*** Opening of Working data ***

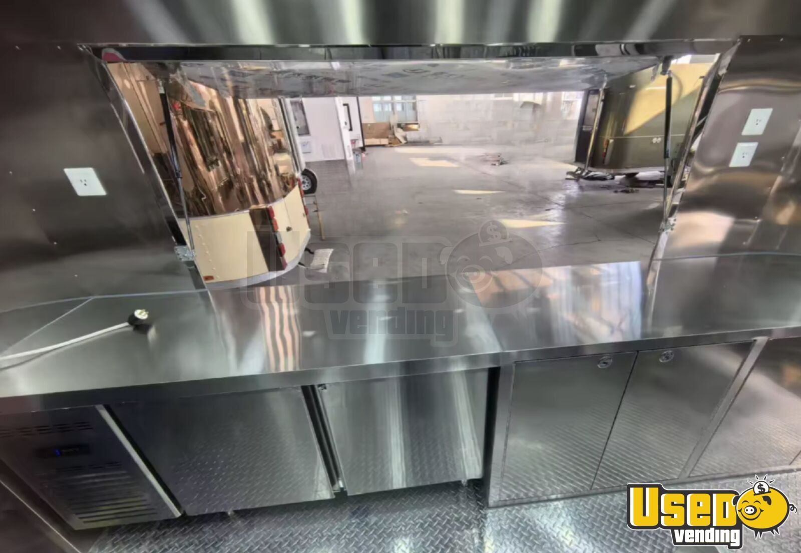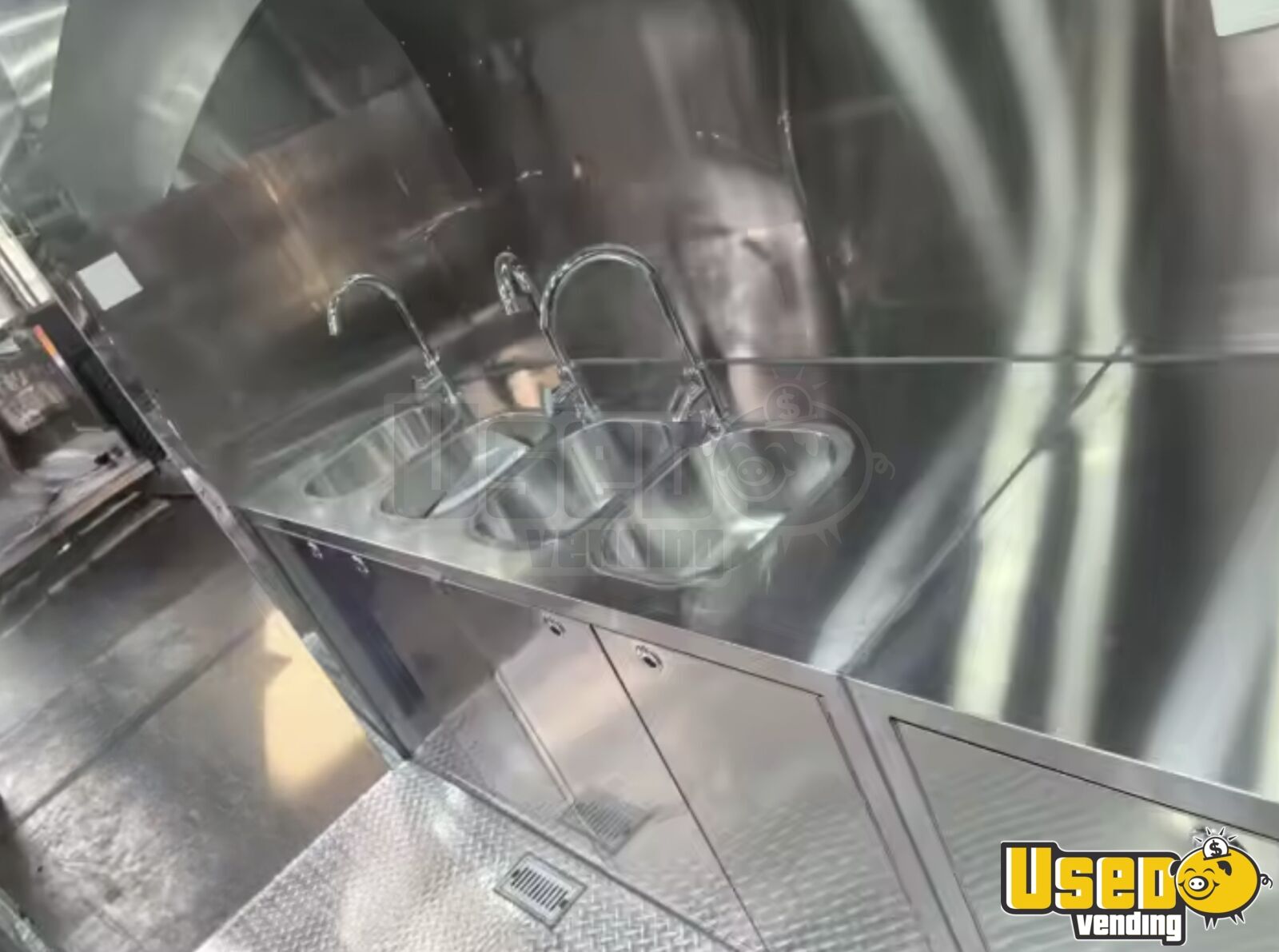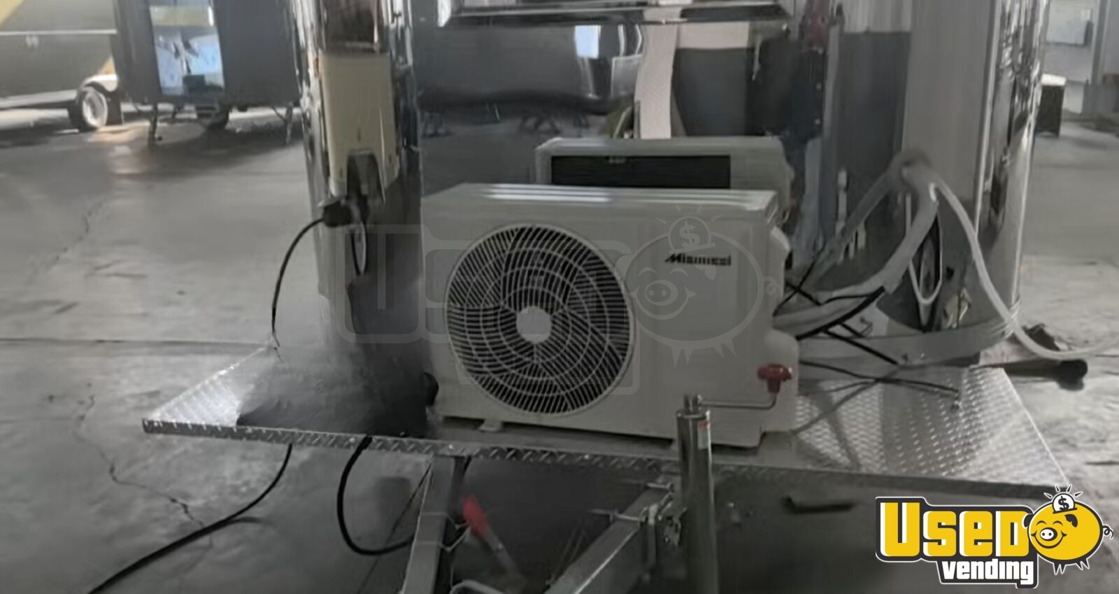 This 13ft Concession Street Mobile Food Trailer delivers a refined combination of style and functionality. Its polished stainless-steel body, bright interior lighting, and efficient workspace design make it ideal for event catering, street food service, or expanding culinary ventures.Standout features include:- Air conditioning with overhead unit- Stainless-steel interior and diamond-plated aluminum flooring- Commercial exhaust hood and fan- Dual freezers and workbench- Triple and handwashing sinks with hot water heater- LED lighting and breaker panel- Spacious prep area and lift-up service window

*** Close of Working data ***
*** Opening of Working data ***

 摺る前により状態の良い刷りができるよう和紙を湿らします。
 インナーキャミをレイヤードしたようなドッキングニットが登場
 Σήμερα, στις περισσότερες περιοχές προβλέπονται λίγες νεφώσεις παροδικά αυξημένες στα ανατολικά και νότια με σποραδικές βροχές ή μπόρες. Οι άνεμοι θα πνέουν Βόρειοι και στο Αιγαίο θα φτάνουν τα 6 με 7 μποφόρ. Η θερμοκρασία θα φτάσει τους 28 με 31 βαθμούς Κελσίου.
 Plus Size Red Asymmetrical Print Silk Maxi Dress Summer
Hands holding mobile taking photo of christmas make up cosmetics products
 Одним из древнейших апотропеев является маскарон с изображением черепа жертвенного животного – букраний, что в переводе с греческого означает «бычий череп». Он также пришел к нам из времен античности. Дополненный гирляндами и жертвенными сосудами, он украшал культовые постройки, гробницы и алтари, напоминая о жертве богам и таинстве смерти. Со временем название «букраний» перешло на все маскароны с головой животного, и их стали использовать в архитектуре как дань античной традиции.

*** Close of Working data ***

[Task to carry out]: Transcribe, exactly and without additions, the lines of the records above, beginning with the line that contains "摺る前により状態の良い刷りができるよう和紙を湿らします。" and ending with the line that contains "Σήμερα, στις περισσότερες", both included.

[Solution to the problem]:
 摺る前により状態の良い刷りができるよう和紙を湿らします。
 インナーキャミをレイヤードしたようなドッキングニットが登場
 Σήμερα, στις περισσότερες περιοχές προβλέπονται λίγες νεφώσεις παροδικά αυξημένες στα ανατολικά και νότια με σποραδικές βροχές ή μπόρες. Οι άνεμοι θα πνέουν Βόρειοι και στο Αιγαίο θα φτάνουν τα 6 με 7 μποφόρ. Η θερμοκρασία θα φτάσει τους 28 με 31 βαθμούς Κελσίου.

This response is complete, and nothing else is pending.